Go to the line with "冷凍室には自家製冷食が多く、" in the records below, then output it and each following line exactly, up to and including the line with "我傻我来买,解放各位聪明人,从昨天下午收". Skip pictures and add nothing.

+-------+

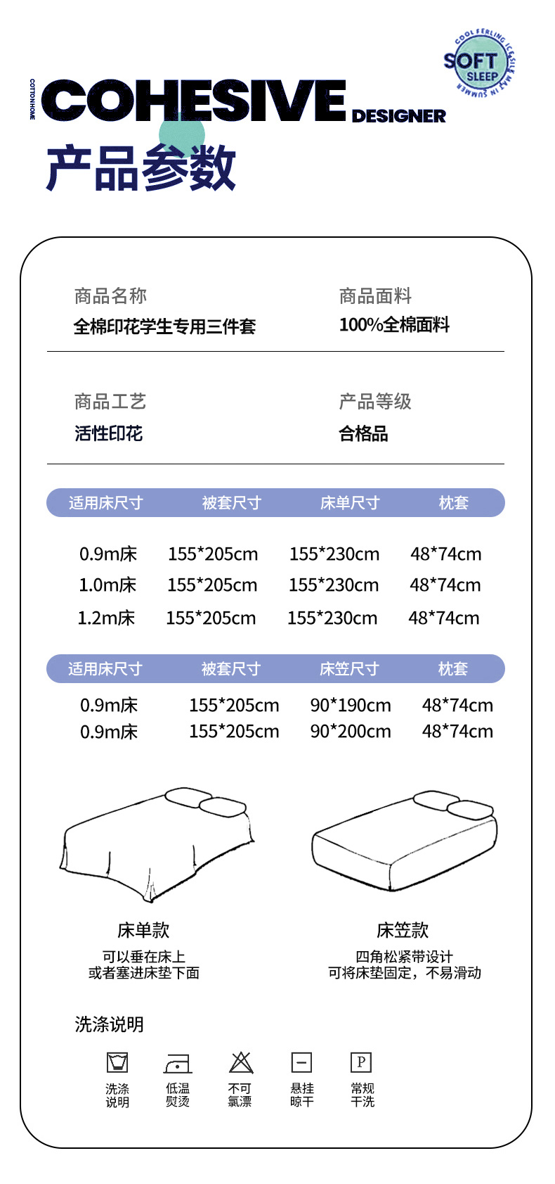 0.9m床单款三件套【被套1.55*2.05床单1.55*230 枕套48*74*1只】 | ¥85.00 |
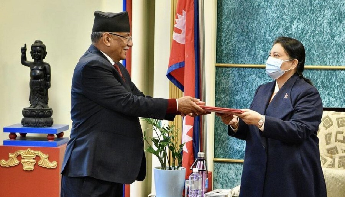 • काठमाडौँ, १० पुस । राष्ट्रपति समक्ष प्रधानमन्त्रीको लागी माओवादी केन्द्रका अध्यक्ष पुष्पकमल दाहाल (प्रचण्ड) ले दाबी पेश गरेका छन् ।दाबी पेश सहित अध्यक्ष प्रचण्ड  मुलकको ४४ औं प्रधानमन्त्री बन्ने भएका छन्। सत्ता गठबन्धनमा कांग्रेस सभापति शेरबहादुर देउवासँग कुरा नमिलेपछि प्रचण्ड एमाले अध्यक्ष केपी शर्मा ओलीसँग बार्ता गर्ने बालकोट पुगेका थिए।
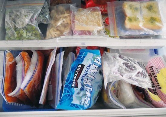 冷凍室には自家製冷食が多く、冷蔵室のトマトも洗い済み。野菜室に腐りやすそうな使いかけの野菜はなく、見やすく整理されています。
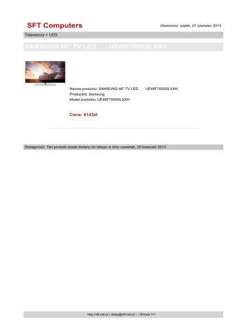SFT Computers Utworzono: piątek, 21 czerwiec 2013 Telewizory > LED SAMSUNG 46'' TV LED UE46F7000SLXXH Nazwa produktu: SAMSUNG 46'' TV LED UE46F7000SLXXH Producent: Samsung Model produktu: UE46F7000SLXXH Cena: 6143zł Dostępność: Ten produkt został dodany do sklepu w dniu czwartek, 25 kwiecień 2013 http://sft.net.pl | [email protected] | | Strona 1/1
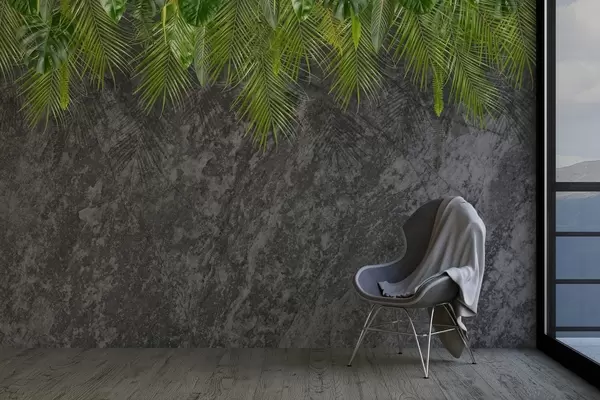 Fotomurales hojas tropicales sobre fondo de imitación piedra Nr. w02547
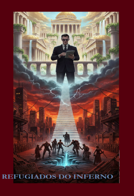Refugiados do Inferno nasceu de uma provocação: e se o Inferno não fosse uma caverna sombria, mas um escritório de vidro com ar-condicionado central e metas de produtividade inalcançáveis?
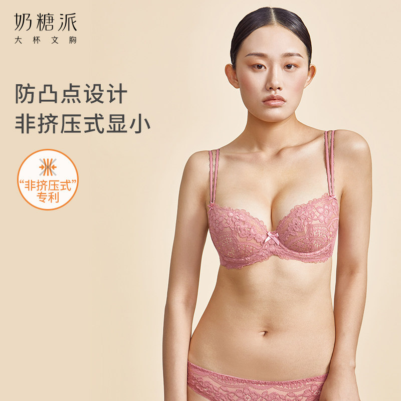 Star with the same toffee pie large cup bra cotton candy double shoulder strap large size underwear female thin anti-bump large chest is small
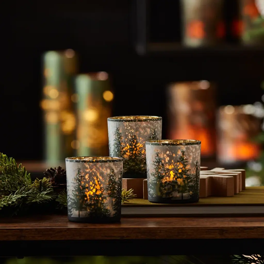 Bring a warm, rustic charm to your holiday decor with the Frosted Pine Mercury Glass Candle Holder Set. Featuring a beautifully printed pine tree design with delicate speckled snowflakes, these votive holders create a cozy winter ambiance. The shimmering gold interior enhances the glow of a candle, casting a soft, inviting light. Crafted from high-quality mercury glass, this set of three is perfect for adding festive elegance to any space. Ideal for your mantel, tabletop, or as part of a holiday centerpiece. Just add your favorite votive or tea light candle to complete the look. Sold in a set of three matching pieces to make a statement in your home.
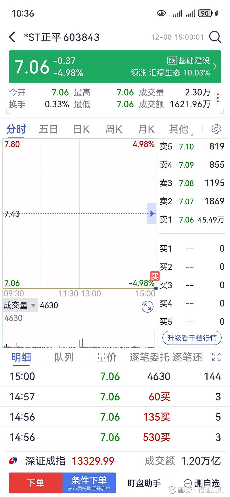 我傻我来买,解放各位聪明人,从昨天下午收盘竞价开始加仓,跌一板加一半。就想看看$*ST正平(SH603843)$ 这陀烂泥是不是真就没人要了,重整是不是一个战投都没有,M1M3是不是全是假的,万P智算是不是画大饼骗我这三瓜两枣……
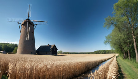A serene countryside windmill surrounded by golden wheat fields, a clear blue sky overhead, and soft clouds on the horizon. The peaceful and picturesque setting evokes rural charm.
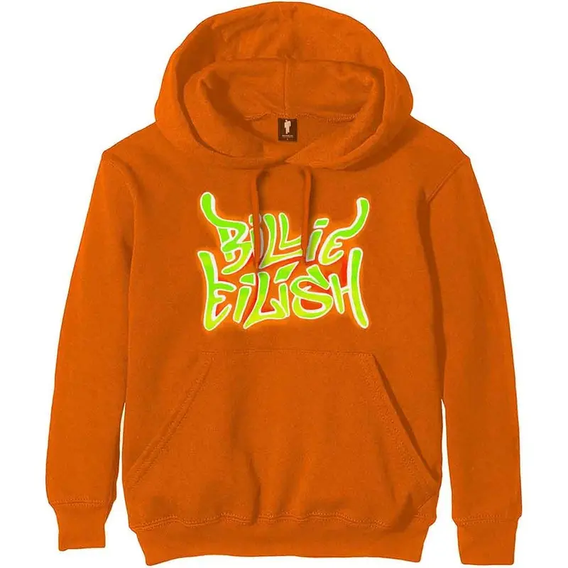 An official licensed Billie Eilish Unisex Pullover Hoodie featuring the ‘Airbrush Flames Blohsh’ design motif. This high quality Pullover Hoodie is available in a orange colourway.

+-------+

■ **Answer area**
 冷凍室には自家製冷食が多く、冷蔵室のトマトも洗い済み。野菜室に腐りやすそうな使いかけの野菜はなく、見やすく整理されています。
SFT Computers Utworzono: piątek, 21 czerwiec 2013 Telewizory > LED SAMSUNG 46'' TV LED UE46F7000SLXXH Nazwa produktu: SAMSUNG 46'' TV LED UE46F7000SLXXH Producent: Samsung Model produktu: UE46F7000SLXXH Cena: 6143zł Dostępność: Ten produkt został dodany do sklepu w dniu czwartek, 25 kwiecień 2013 http://sft.net.pl | [email protected] | | Strona 1/1
 Fotomurales hojas tropicales sobre fondo de imitación piedra Nr. w02547
Refugiados do Inferno nasceu de uma provocação: e se o Inferno não fosse uma caverna sombria, mas um escritório de vidro com ar-condicionado central e metas de produtividade inalcançáveis?
 Star with the same toffee pie large cup bra cotton candy double shoulder strap large size underwear female thin anti-bump large chest is small
 Bring a warm, rustic charm to your holiday decor with the Frosted Pine Mercury Glass Candle Holder Set. Featuring a beautifully printed pine tree design with delicate speckled snowflakes, these votive holders create a cozy winter ambiance. The shimmering gold interior enhances the glow of a candle, casting a soft, inviting light. Crafted from high-quality mercury glass, this set of three is perfect for adding festive elegance to any space. Ideal for your mantel, tabletop, or as part of a holiday centerpiece. Just add your favorite votive or tea light candle to complete the look. Sold in a set of three matching pieces to make a statement in your home.
 我傻我来买,解放各位聪明人,从昨天下午收盘竞价开始加仓,跌一板加一半。就想看看$*ST正平(SH603843)$ 这陀烂泥是不是真就没人要了,重整是不是一个战投都没有,M1M3是不是全是假的,万P智算是不是画大饼骗我这三瓜两枣……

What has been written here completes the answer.